Start of Data for review

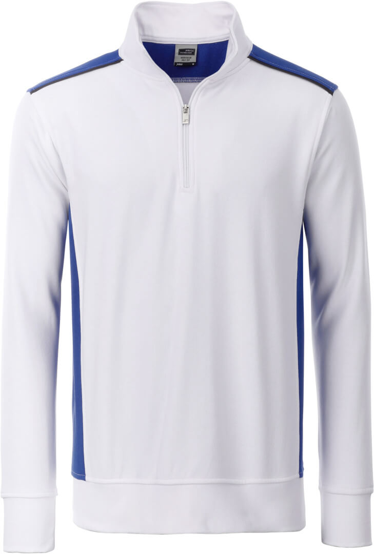 290g/m², 70% bavlna, 30% polyester načechraná vnitřní strana, kontrastní vklady po stranách a na ramenou, lemovka v přední části ramenou, žebrované manžety s elastanem na rukávech a v pase, lze prát na 60° a sušit v sušičce
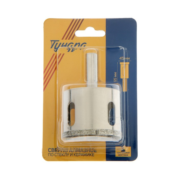 Сверло алмазное по стеклу и керамике ТУНДРА, трехгранный хвостовик, 45 х 65 мм
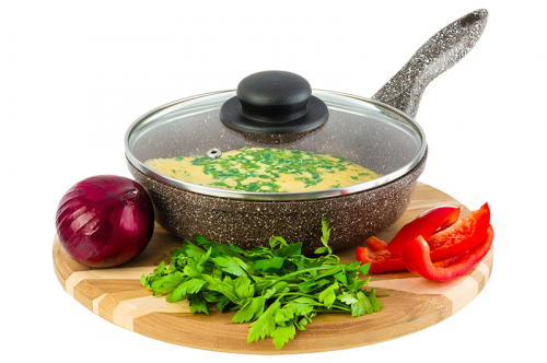 БЫЛО 2008 руб.Сковорода глубокая 26 см ГАРМОНИЯ ВКУСА "Коричневый мрамор" ИНДУКЦИЯ, С КР. ф26, н/р, 46*27*12,5 см
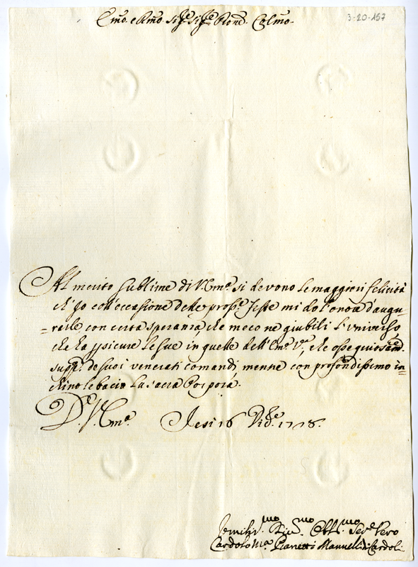 Lettera di Cardolo Maria Pianetti Mannelli Cardoli al cardinale Annibale Albani (1728 dicembre 16)
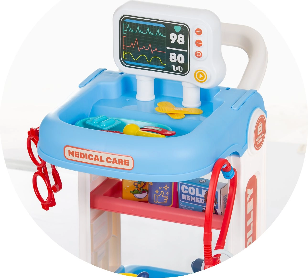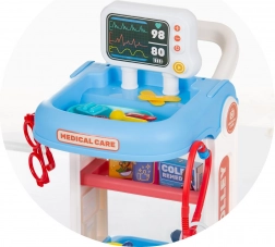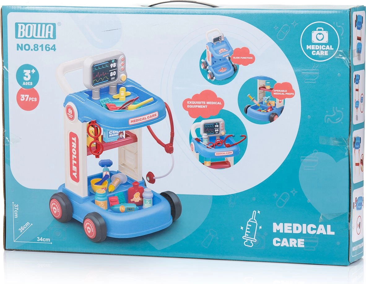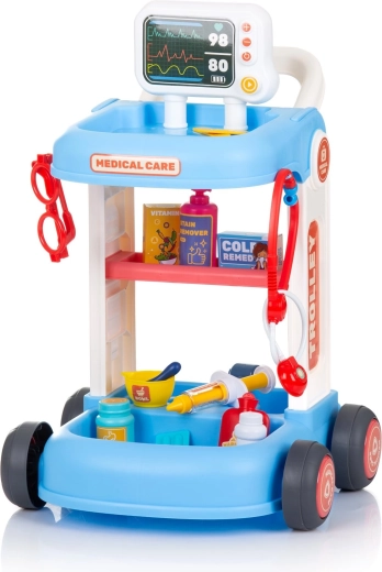 Denne lægesæt til børn med rullende vogn giver alt, hvad en lille læge behøver til sine første undersøgelser. Den stabile konstruktion med hjul og håndtag gør det nemt at flytte rundt i rummet, mens hylder og rum holder alle redskaber lige ved hånden. Takket være det omfattende udstyr kan børn afprøve grundlæggende lægeopgaver og træne empati og kommunikation.

End of Data for review

• [What is expected]:
Copy out all the data above exactly, pictures excluded.

• [Answer below]:
 290g/m², 70% bavlna, 30% polyester načechraná vnitřní strana, kontrastní vklady po stranách a na ramenou, lemovka v přední části ramenou, žebrované manžety s elastanem na rukávech a v pase, lze prát na 60° a sušit v sušičce
 Сверло алмазное по стеклу и керамике ТУНДРА, трехгранный хвостовик, 45 х 65 мм
 БЫЛО 2008 руб.Сковорода глубокая 26 см ГАРМОНИЯ ВКУСА "Коричневый мрамор" ИНДУКЦИЯ, С КР. ф26, н/р, 46*27*12,5 см
 Lettera di Cardolo Maria Pianetti Mannelli Cardoli al cardinale Annibale Albani (1728 dicembre 16)
 Denne lægesæt til børn med rullende vogn giver alt, hvad en lille læge behøver til sine første undersøgelser. Den stabile konstruktion med hjul og håndtag gør det nemt at flytte rundt i rummet, mens hylder og rum holder alle redskaber lige ved hånden. Takket være det omfattende udstyr kan børn afprøve grundlæggende lægeopgaver og træne empati og kommunikation.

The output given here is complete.